I'm closing this one and will update the original one!
> Types Framework
> ---------------
>
> Key: SPARK-55439
> URL: https://issues.apache.org/jira/browse/SPARK-55439
> Project: Spark
> Issue Type: Improvement
> Components: SQL
> Affects Versions: 4.2.0
> Reporter: David Milicevic
> Priority: Major
> Attachments: TYPES_FRAMEWORK_DESIGN_V2.md
>
>
> *Summary:*
> Introduce a Types Framework to centralize scattered type-specific pattern
> matching
> *Description:*
> Adding a new data type to Spark currently requires modifying 50+ files with
> scattered type-specific logic using diverse patterns (focusing on TIME type -
> '_: TimeType', 'TimeNanoVector', '.hasTime()', 'LocalTimeEncoder',
> 'instanceof TimeType', etc.). There is no compiler assistance to ensure
> completeness, and integration points are easy to miss.

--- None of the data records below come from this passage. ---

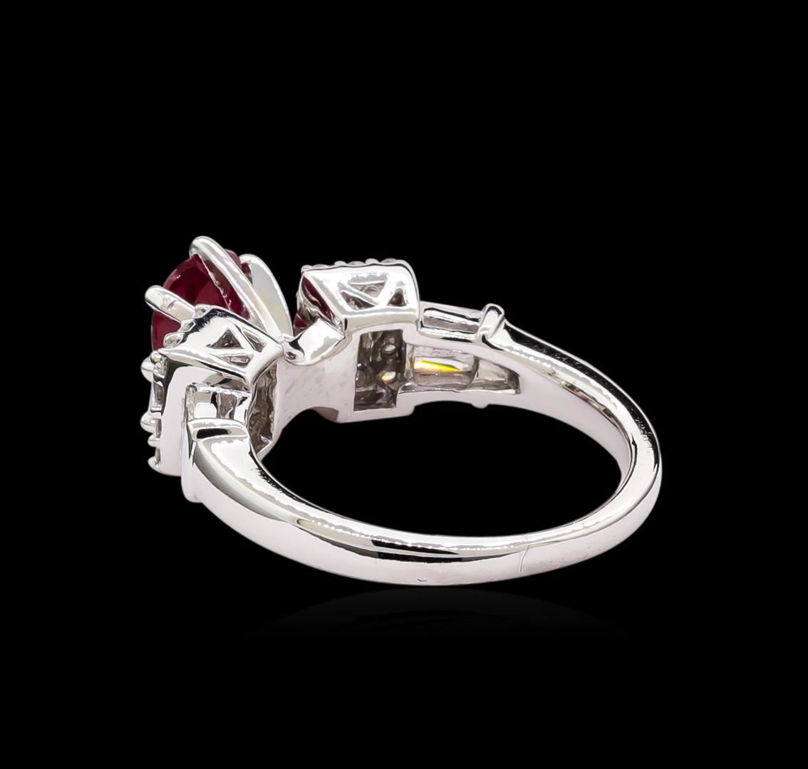 One ring featuring: 18KT white gold weighing 6.30 grams containing one ruby with a total weight of 1.37ct and side diamonds with a total weight of 0.81ct.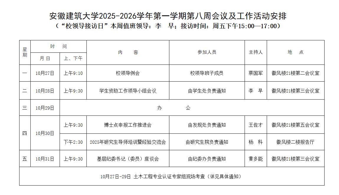 beat365亚洲体育官方网站2025-2026学年第一学期第八周会议及工作活动安排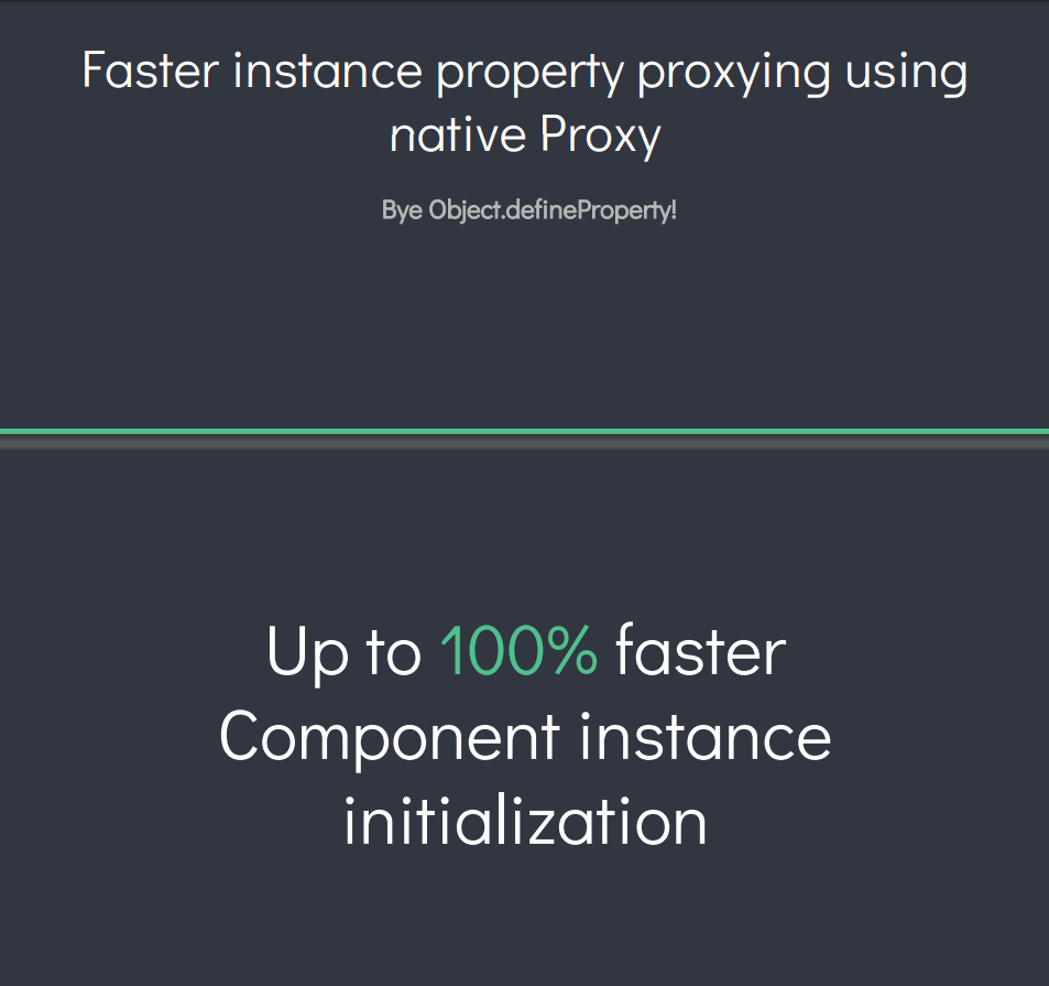 **vue 3.0 已经用的不是这个技术了,采用是 原生的 Proxy,据说速度能够提升100%,截张尤大的ppt,** 2018-11-21 修改本篇笔记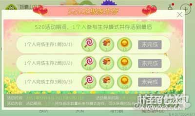 活动时间:2017年5月19日~2017年5月21日 活动内容:活动期间,一个人完成指定数量的生存模式游戏,可以获得对应奖励。 520活动期间,一个人参与生存模式并存活到最后。 1个人完成生存1局,获得5个棒棒糖,1份神秘美食,10个金蘑菇; 1个人完成生存2局,获得10个棒棒糖,1份神秘美食,50个金蘑菇; 1个人完成生存3局,获得20个棒棒糖,2份神秘美食,100个金蘑菇; [编辑:叶子猪小秘书]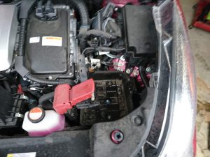 今日は、50系プリウスの補機バッテリーの交換作業がありました。この50系のモデルより、補機バッテリーの搭載場所がエンジンルーム内になった他、欧州車用バッテリー(EN規格)の規格であるL1サイズのバッテリーが採用されるようになりました。お客様にお話を伺いますと、丸4年でダメになったそうです。熱のこもるエンジンルーム内にバッテリーが搭載されるようになったからでしょうか。先代までのモデルより少しバッテリー寿命が短くなった印象です。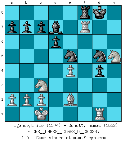 Last move : 1-0 2017 October 1 22:6:26 [Event "FICGS__CHESS__CLASS_D__000237"] [Site "FICGS"] [Date "2017.05.14"] [Round "1"] [White "Trigance,Emile"] [Black "Schott,Thomas"] [Result "1-0"] [WhiteElo "1574"] [BlackElo "1662"] 1.e4 d6 2.d4 g6 3.h4 Nf6 4.Nc3 Bg7 5.Be2 h5 6.Bg5 Nc6 7.Qd2 Nh7 8.Be3 e5 9.dxe5 Nxe5 10.O-O-O Nf6 11.Bg5 Bg4 12.f3 Be6 13.Nh3 O-O 14.Nf2 Qd7 15.Rhg1 Nh7 16.Bh6 f5 17.Bxg7 Qxg7 18.Nh3 fxe4 19.fxe4 Rf7 20.Nf4 Bd7 21.g4 hxg4 22.h5 gxh5 23.Nxh5 Qg5 24.Qxg5+ Nxg5 25.Rdf1 Raf8 26.Rxf7 1-0 King's pawn Opening Queenside Castling by player White (move 10) Kingside Castling by player Black (move 13) Player White won this chess game. Follow this game move after move (download)Chess is as much a mystery as women. (Purdy) Wie ich sie so einen nach dem anderen nieder mähte wurde meine Überlegenheit offensichtlich. (José Raúl Capablanca) Cuando le juegas a Fischer, no es una cuestion de si vas a ganar o perder. Es una cuestion de si vas a sobrevivir. (Boris Spassky) Je crois qu'il existe des manières très spécifiques de jouer efficacement contre une machine. Evidemment, nous n'avons aucune chance en technique pure, parce que l'ordinateur calcule de manière parfaite. Mais lorsque nous faisons appel à notre cerveau, en utilisant l'intuition et la compréhension, alors nous restons beaucoup plus forts. (Anatoli Karpov) CHESS, n. f. [echecs, Fr.] A nice and abstruse game, in which two sets of puppets are moved in opposition to each other. (Dr Samuel Johnson, A Dictionary Of The English Language, 1755)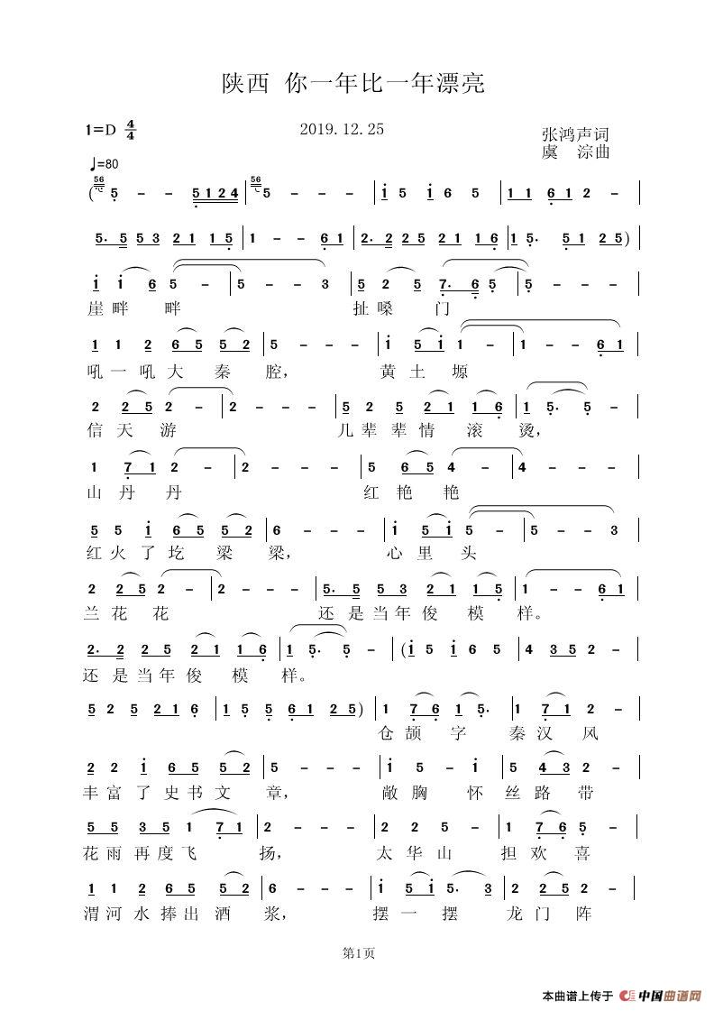 关于《陕西 你一年比一年漂亮》曲谱的评论

> This effort introduces a *Types Framework* that centralizes type-specific
> infrastructure operations in Ops interface classes. Instead of modifying
> dozens of files, a developer implementing a new type creates two Ops classes
> and registers them in factory objects. The compiler enforces interface
> completeness.
> *Concrete example - TimeType:*
> TimeType (the proof-of-concept for this framework) has integration points
> spread across 50+ files for infrastructure concerns like physical type
> mapping, literals, type converters, encoders, formatters, Arrow SerDe, proto
> conversion, JDBC, Python, Thrift, and storage formats. With the framework,
> these are consolidated into two Ops classes (~240 lines total). A developer
> adding a new type with similar complexity would create two analogous files
> instead of touching 50+ files.
> *Architecture:*
> The framework defines a hierarchy of Ops traits that each cover a specific
> category of type operations:
>
> {code:java}
> TypeOps (sql/catalyst)
> +-- PhyTypeOps - Physical type representation
> +-- LiteralTypeOps - Literal creation and defaults
> +-- ExternalTypeOps - External <-> internal type conversion
> +-- ProtoTypeOps - Spark Connect proto serialization
> +-- ClientTypeOps - JDBC, Arrow, Python, Thrift integration
> TypeApiOps (sql/api)
> +-- FormatTypeOps - String formatting
> +-- EncodeTypeOps - Row encoding (AgnosticEncoder) {code}
>
> Existing integration points use a *check-and-delegate* pattern guarded by a
> feature flag to dispatch to the framework while preserving legacy behavior as
> fallback:
>
> {code:java}
> def someOperation(dt: DataType) = dt match {
> case _ if SQLConf.get.typesFrameworkEnabled && SomeOps.supports(dt) =>
> SomeOps(dt).someMethod()
> case DateType => ... // legacy types unchanged
> } {code}
>
> TimeType serves as the proof-of-concept implementation. Once the framework is
> validated, additional types can be implemented or migrated incrementally.
> *Scope:*
> * In scope: Physical type representation, literal creation, type conversion,
> string formatting, row encoding, proto serialization, client integration
> (JDBC, Arrow, Python, Thrift), storage formats, testing infrastructure,
> documentation
> * Out of scope: Type-specific expressions and arithmetic, SQL parser
> changes. The framework provides primitives that expressions use, not the
> expressions themselves.
> See the attached design document for full details.